## REQUIRED WORK
A faithful copy is needed of the lines below from the one with "- зв'язок - входи" up to and including the one with "4 винта расположены"; set it down with no pictures and no other lines.

## RECORDED DATA
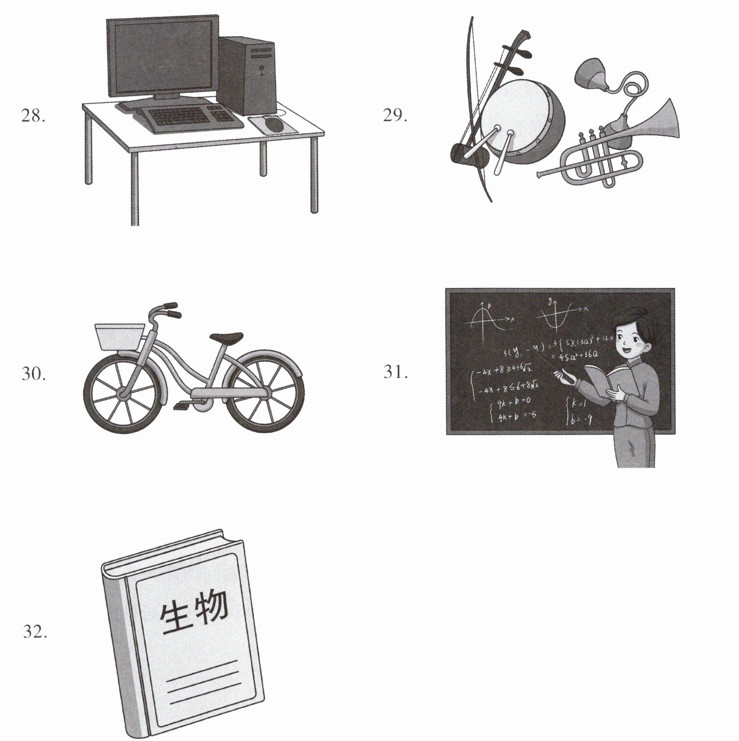 25.(体育;书桌)
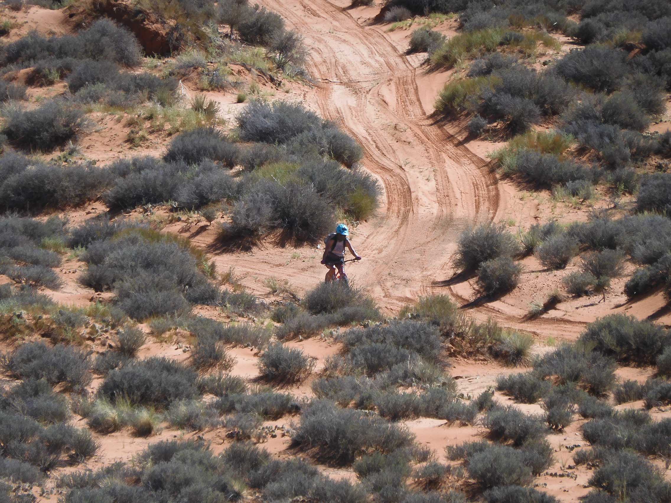 I was very disappointed that, with the rackless bikepacking system, I was unable to mount my camera along with my camping equipment. I had been hoping to do some astrophotography on that new moon night, but I had to leave that equipment in Mather. I took along my pocket Olympus, and found out only after we returned to the hogan that it had an astrophotography mode. I might have been able to carry my compact tripod and taken some great shots after all.
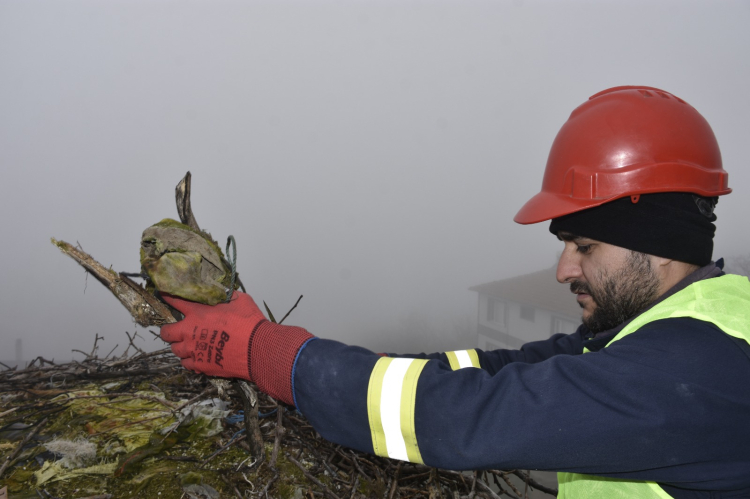 Bursa Karacabey'deki leylek yuvalarında geleneksel temizlik devam ediyor
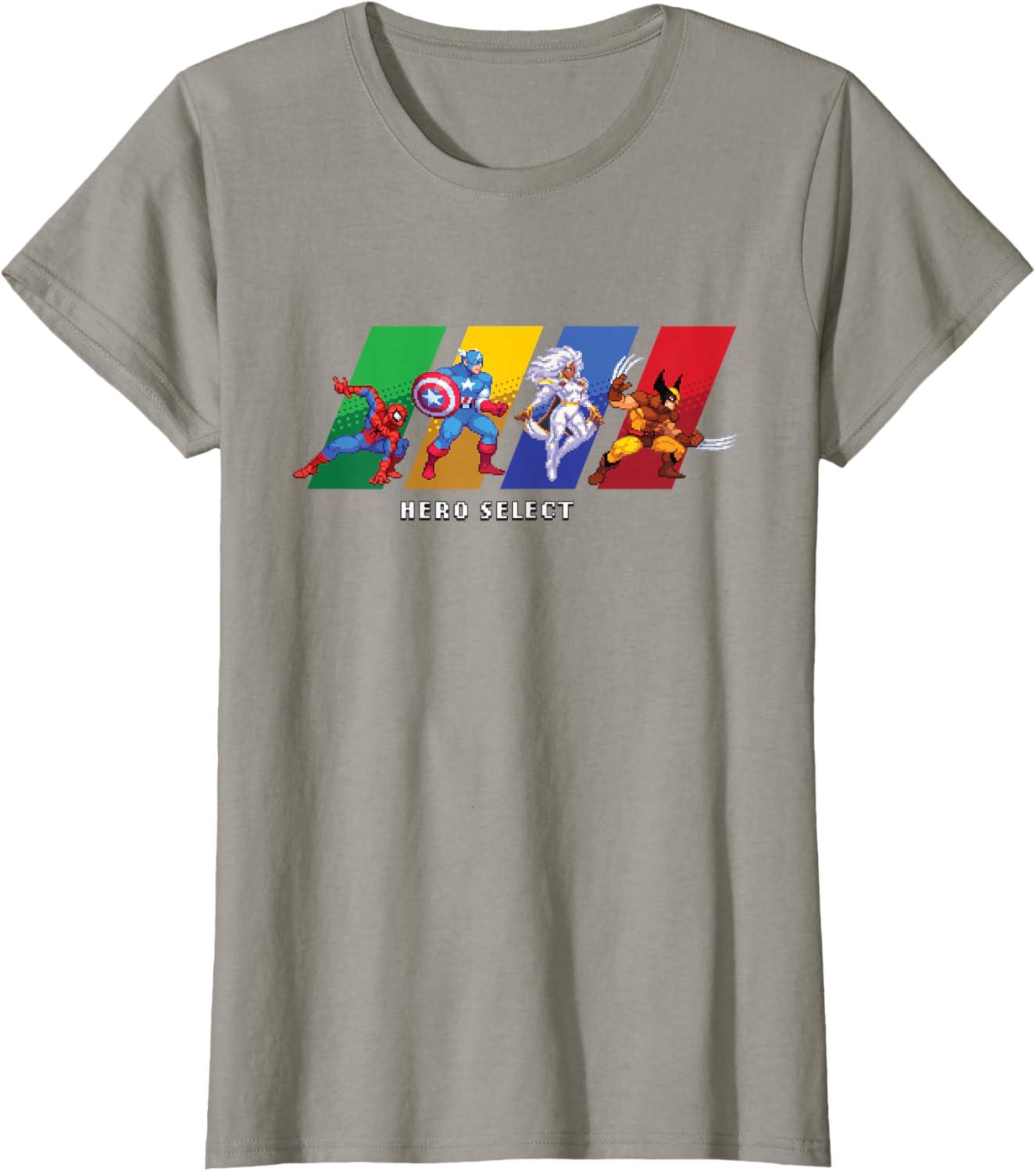 Join the heroes of the Marvel Universe in MARVEL Cosmic Invasion, an all-new, arcade-style, co-op beat-'em-up video game starring a dream roster of Marvel super heroes and villains in a battle from New York City to the Negative Zone against Annihilus and his destructive Annihilation Wave! This full-color official Marvel tee or hoodie features the Hero Select screen, with retro pixel art graphics of Spider-Man, Captain America, and Storm and Wolverine of the X-Men. A great gift for a Marvel fan, and perfect for a comic convention or superhero themed party! Get multiples and wear matching Marvel t-shirts with friends and family on your epic trip or vacation to Avengers Campus at Disney California Adventure Park, Disneyland, or Walt Disney World. Available in youth and adult sizes. Find it in a t-shirt, premium t-shirt, tank top, v-neck, long sleeve tee, hoodie, and sweatshirt.
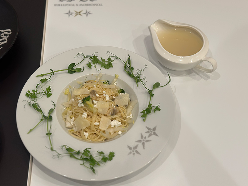2種のチーズを使用したボンゴレビアンコ。魚介のスープをかけて味わうスープパスタ。自分でスープをかけるというのも楽しいポイント。
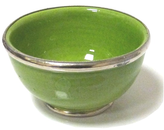 Joli récipient vert, de taille moyenne, en poterie, de provenance de Marrakech (Maroc), émaillé et cerclé de métal ornemental argenté légèrement ciselé.
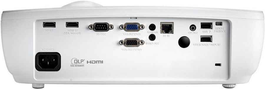 - зв'язок - входи 1 x HDMI 1.4a 3D підтримка, 1 x HDMI 1.4a 3D підтримка + MHL, 1 x VGA (YPbPr / RGB), 1 х Audio 3,5 мм, 1 х USB-зчитувач; виходи 1 x VGA (YPbPr / RGB), 1 х Audio 3,5 мм; управління 1 x USB-A wireless, 1 x RS232, 1 x RJ45, 1 x 12V trigger, 1 x mini USB mouse / service;
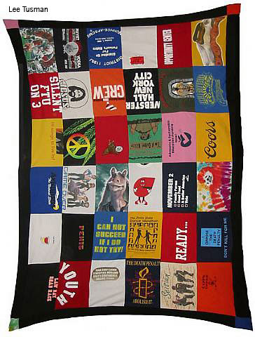 Tusman sends out occasional email newsletters about what he’s up to. This morning I got one about a cross country bike trip he’s on with its ups and downs (bike break-downs, unexpected camp-outs, passing through super-small towns, emergency room visit for stitches to a scraped hand, etc). Things that struck me about Tusman back when I met him in 2005 and wrote about him were his energy, earnestness and openness to new things. Well, two years later the self-taught artist whose work is quilts, clothing and toys made from found t-shirts is apparently charging along with the same energy and enthusiasm.
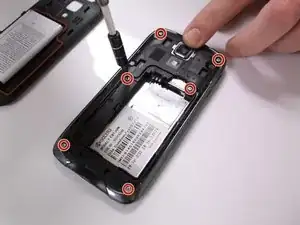 4 винта расположены по периметру телефона, 2 — вокруг клеммы батареи.
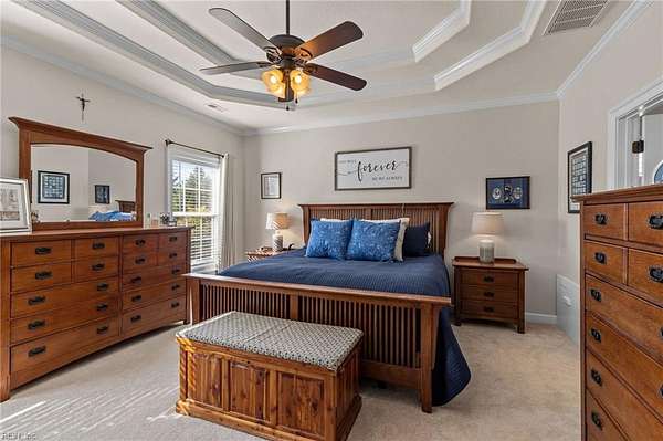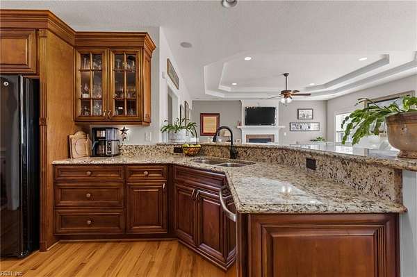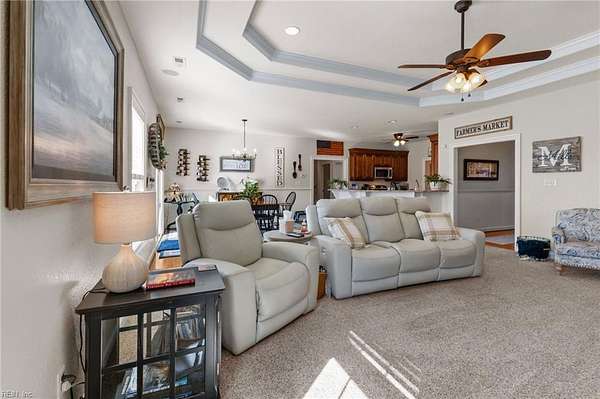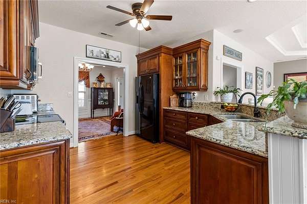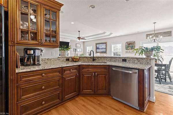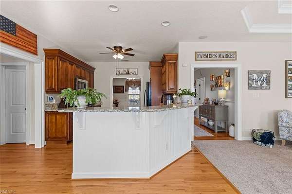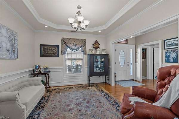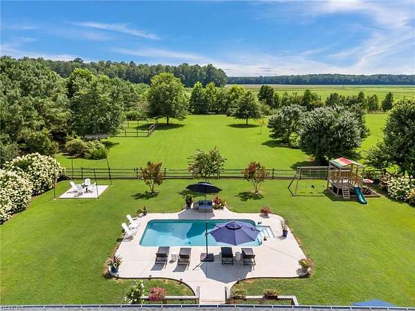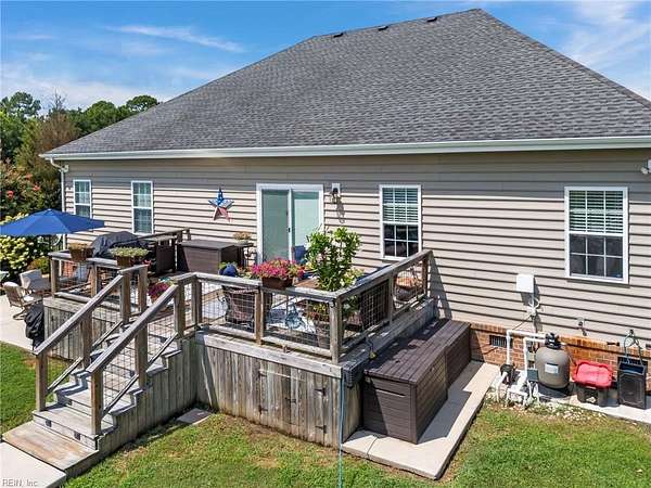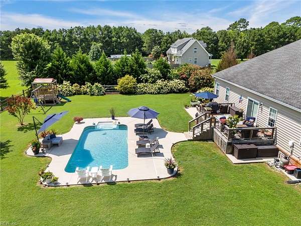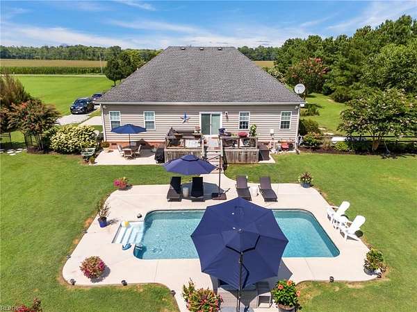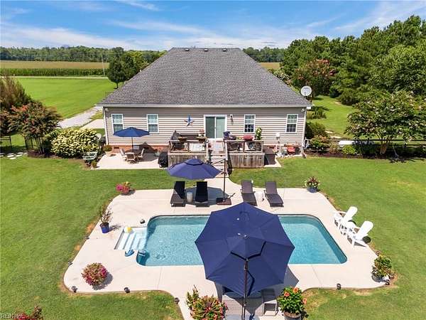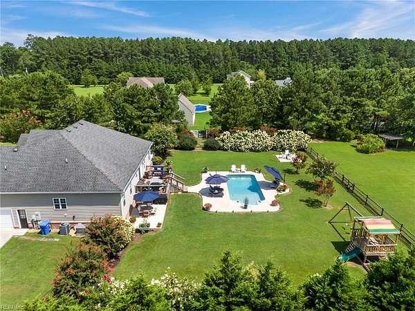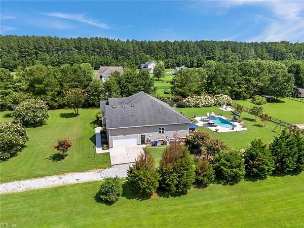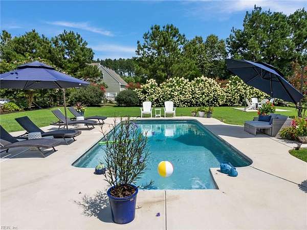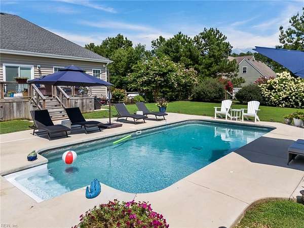 No detail is missed in this gorgeous and well maintained transitional Ranch situated on a private and beautifully landscaped 3 acre parcel in Southern Chesapeake. From the elegant Foyer to the large Great Room with gas fireplace that opens to the Eat in Kitchen with granite counters and upgraded cabinets, you will be pleased with every feature of this Home. The back yard oasis includes a stunning inground salt water pool, large deck, firepit area, and plenty of patio space to enjoy the tranquil setting. 1st floor primary suite with 2 walk in closets and full bath with jetted soaking tub, separate step in shower, and double bowl vanity. Add'l Features: Finished Room over Garage is 4th bedroom with it's own full bath; double tray ceilings throughout; hardwood flooring and newer carpeting; recessed lighting; walk in attic; whole house generator, 2 car garage with openers; surround sound system; 2 wells: one for house with softener system and one for yard; lots of storage space; and more!

## SOLUTION TO THE PROBLEM
 - зв'язок - входи 1 x HDMI 1.4a 3D підтримка, 1 x HDMI 1.4a 3D підтримка + MHL, 1 x VGA (YPbPr / RGB), 1 х Audio 3,5 мм, 1 х USB-зчитувач; виходи 1 x VGA (YPbPr / RGB), 1 х Audio 3,5 мм; управління 1 x USB-A wireless, 1 x RS232, 1 x RJ45, 1 x 12V trigger, 1 x mini USB mouse / service;
 Tusman sends out occasional email newsletters about what he’s up to. This morning I got one about a cross country bike trip he’s on with its ups and downs (bike break-downs, unexpected camp-outs, passing through super-small towns, emergency room visit for stitches to a scraped hand, etc). Things that struck me about Tusman back when I met him in 2005 and wrote about him were his energy, earnestness and openness to new things. Well, two years later the self-taught artist whose work is quilts, clothing and toys made from found t-shirts is apparently charging along with the same energy and enthusiasm.
 4 винта расположены по периметру телефона, 2 — вокруг клеммы батареи.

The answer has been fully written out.